A blustery afternoon in late fall finds Herrington and Pascarelli buttoning up tunnels bursting with luxuriant beds of rainbow chard, lettuce, mustard greens, and other cold-hardy crops. They’ll harvest them weekly through most of the winter to sell at farmers markets in Saco, Brunswick and southern New Hampshire, and a few restaurants in Greater Portland.
“It might seem like we’re giving up our break for the year by farming in winter, but our goal is to sell 48 to 50 weeks a year so we don’t have to cram earning all of our income into 25 or 30 weeks,” Pascarelli says. “We’re trying to avoid the extreme stress of July through September. We haven’t quite achieved that, but we did a lot better than last year.”

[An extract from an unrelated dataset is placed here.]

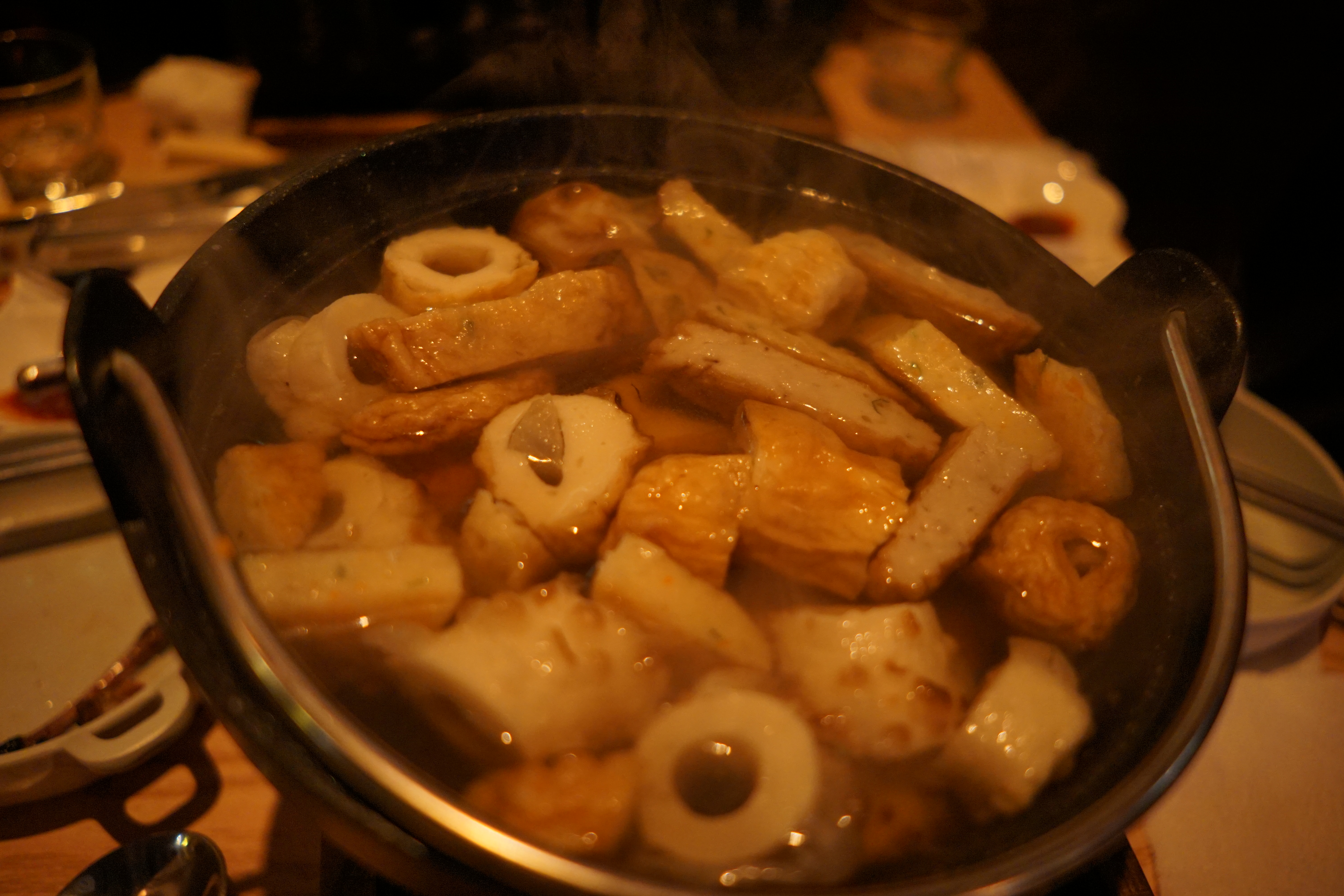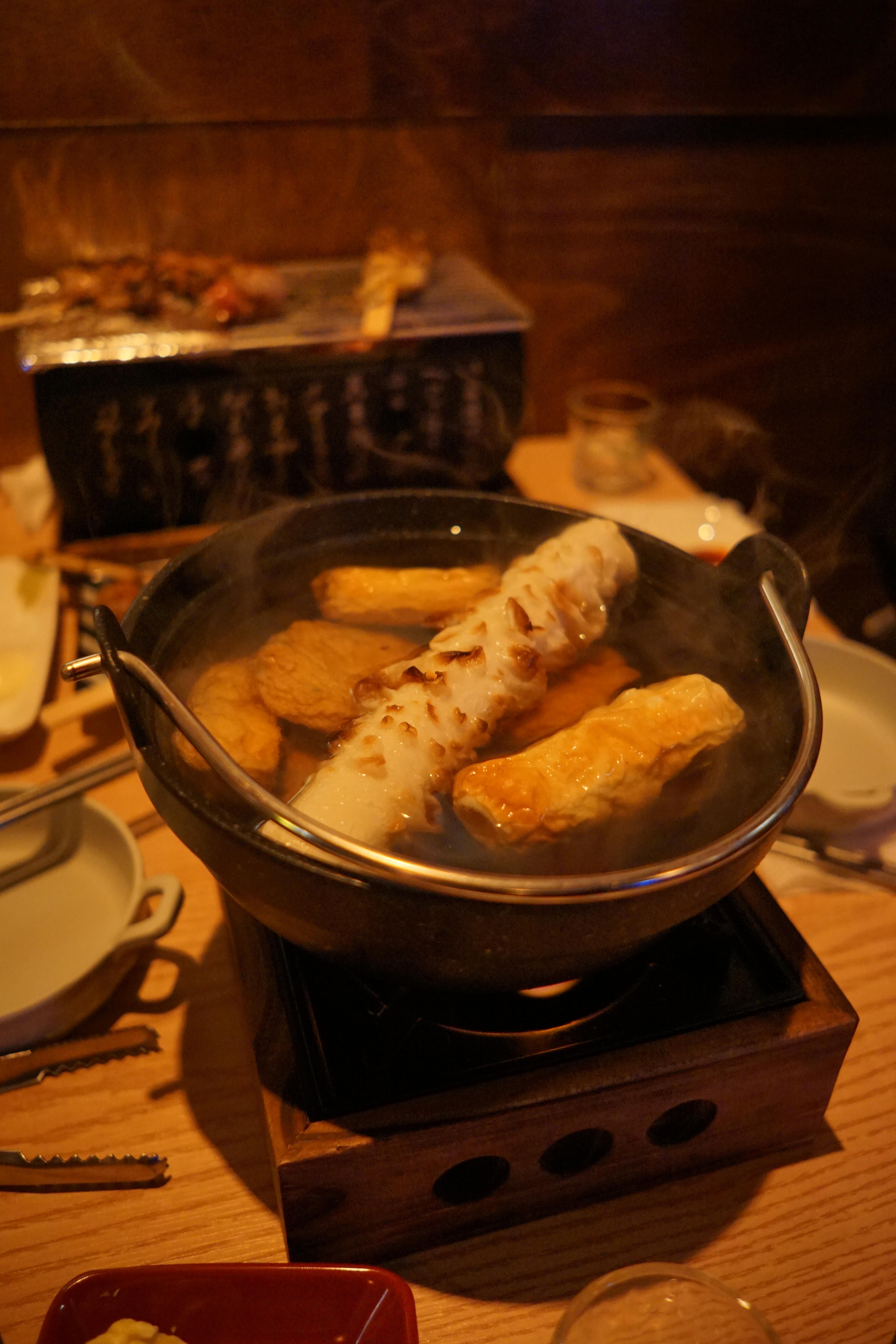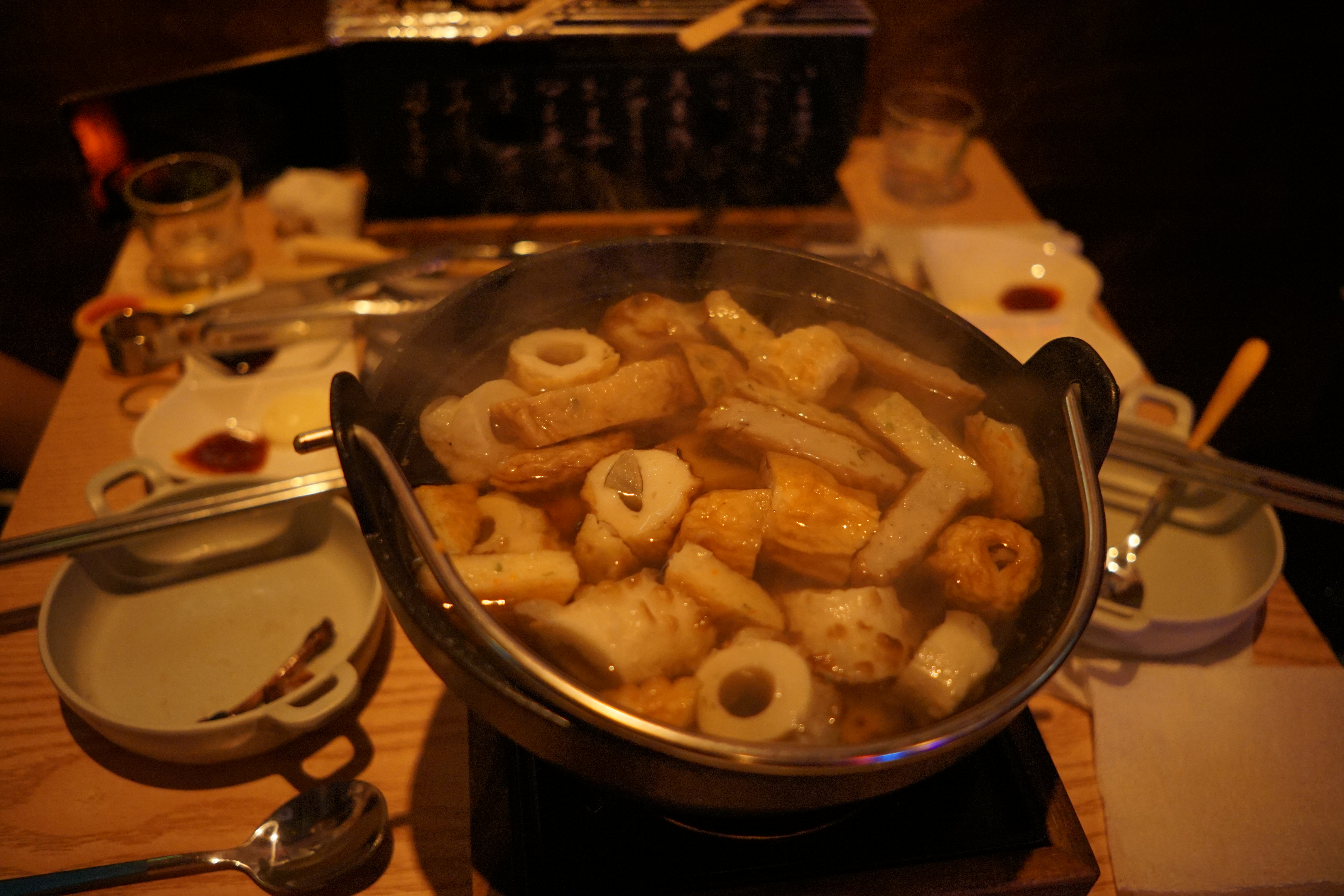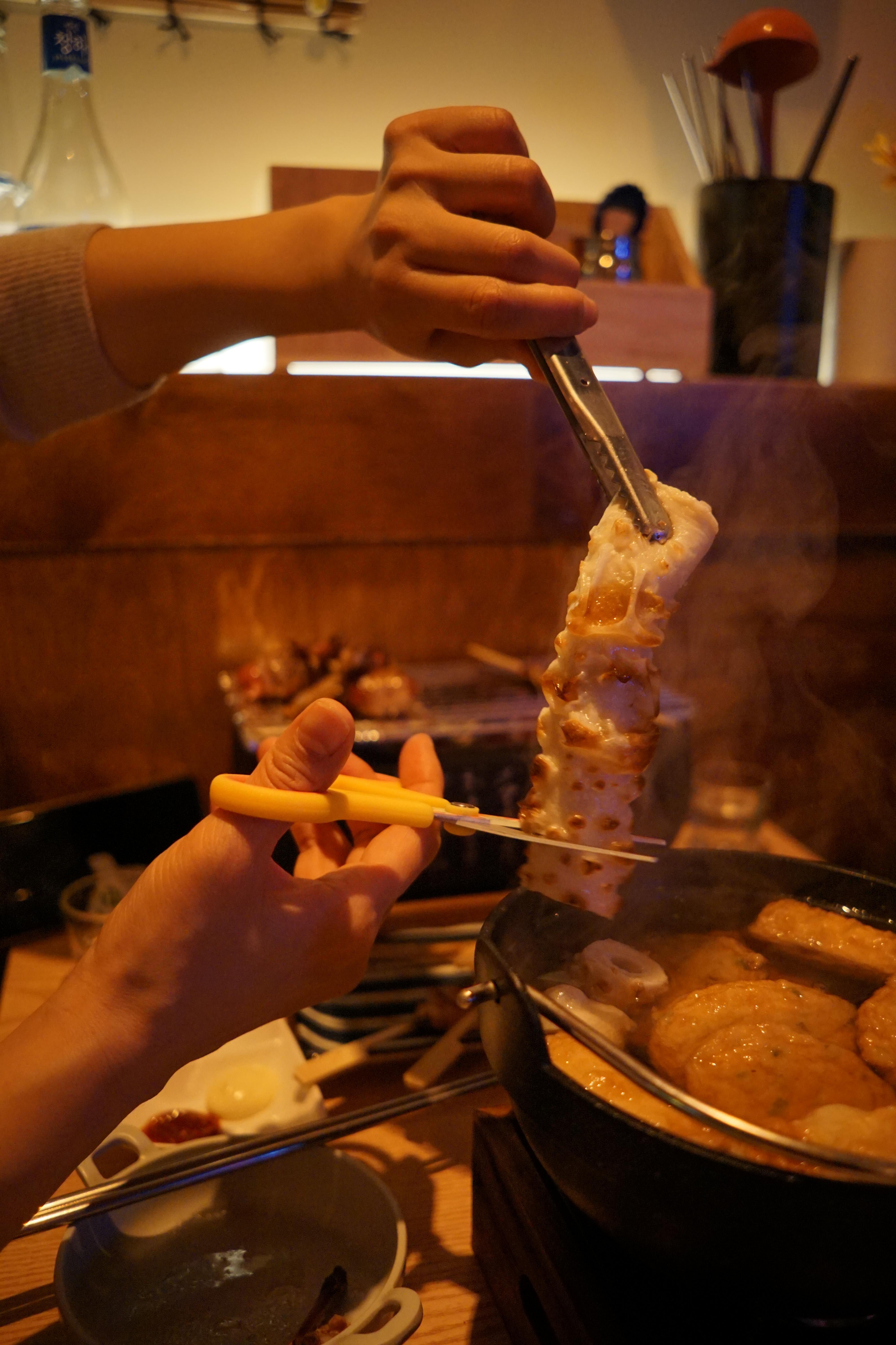 꼬치를 맛있게 먹고 있다 보면 따끈한 어묵탕도 나오는데, 어묵탕은 고체 연료를 써서 따듯하게 먹을 수 있게 해 주시더라고요!

Two Farmers’ dazzling winter beds make what they do look deceptively easy, but, of course, it isn’t. Winter crops in unheated tunnels must be covered every cold night or they’ll freeze, and uncovered to maximize light and stimulate growth later in the winter when the days lengthen. Then there is harvesting—on one’s knees for hours cutting tiny leaves with a knife in finger-stinging cold, not to mention meticulous washing and packaging. On top of the intense labor of farming are the challenges of running any small business: marketing, sales, budgeting, accounting, and myriad other tasks.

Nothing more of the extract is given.